1) so anything older is always better? i guess that makes my brother better than me...while that is probably true, it has nothing to do w/ age
2) yeah, too bad us open never allows guys we never or seldom heard of to make it thru local qualifying and to compete, like jason gore or olin browne...and let's face it, a lot of people didn't know michael campbell either...good thing the british made him a household name (heavy sarcasm for those who don't pick up on it)
3) true, carnoustie wasn't a course taken to the edge by the r&a that got pushed over the edge by an unforseen radical change in weather...that only happens at the shinnecocks of the world (altho i have to say this is the best argument as it happens to the usga more often)

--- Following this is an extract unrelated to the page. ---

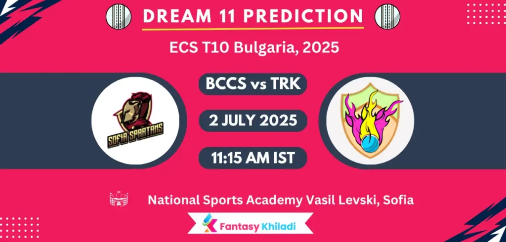 BCCS vs TRK Match 11th Dream11 Prediction Today Match Preview : BCC Spartans (BCCS) will take on MU Trakia (TRK) at National Sports Academy Vasil Levski, Sofia on July 2, starting at 11:15 AM IST. Get read for this ongoing tournament “ECS T10 Bulgaria, 2025” witnessing Match No. 11 with live streaming available on Fan Code.
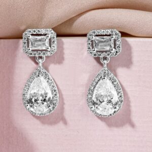 Rhodium Plated White Baguette Cubic Zirconia Studded Teardrop Earrings – Silver

4) great reason for those who love st andrews, meaningless for those not overtaken by its charm...and let's face it, oakmont, winged foot, olympic, et al are classic designs world renonwned.
5) a favorite winning a tournament on a golf course set up to exact a toll on every possible trait involved in golf is a BAD thing? hmmm, the best golfer winning the tourney is bad...an underdogs have won the us open as they were the best for that week, but let's face it, on such an exacting test the better golfers will win more often...i think that's the point of a national championship...if the ncaa gave the 16 seeds of the world a chance to win more often over teh duke's of the world the tourney would lose some of its value
i have no problem w/ someone's opinion, but i think some more solid reasons for it could be presented...or you could take the low road like i would and say "it's my opinion and if you don't like eat go home and cry to mommy you doody head"
Most importantly the main skill that separates it is you need IMAGINATION and varied shot making to play the links well . America has fantasticlly well presented courses , tight fairways but they all too resemble a target golf approach . Wedges to pins etc . Over here you need the full reportoire of shots , bump and runs , full lob , long running irons etc etc . Basically the demands on your game are more extensive and therefore the courses reward those with more skill . Hundreds of Pros can play target golf , only a select few can play all the shots with real skill . Its like Roddick compared with Federer . Ones full of brute force the other is an ARTIST . The great Open Champions have mainly been ARTISTS . Look at Sevy in his hey day and Trevino to name two of the very best .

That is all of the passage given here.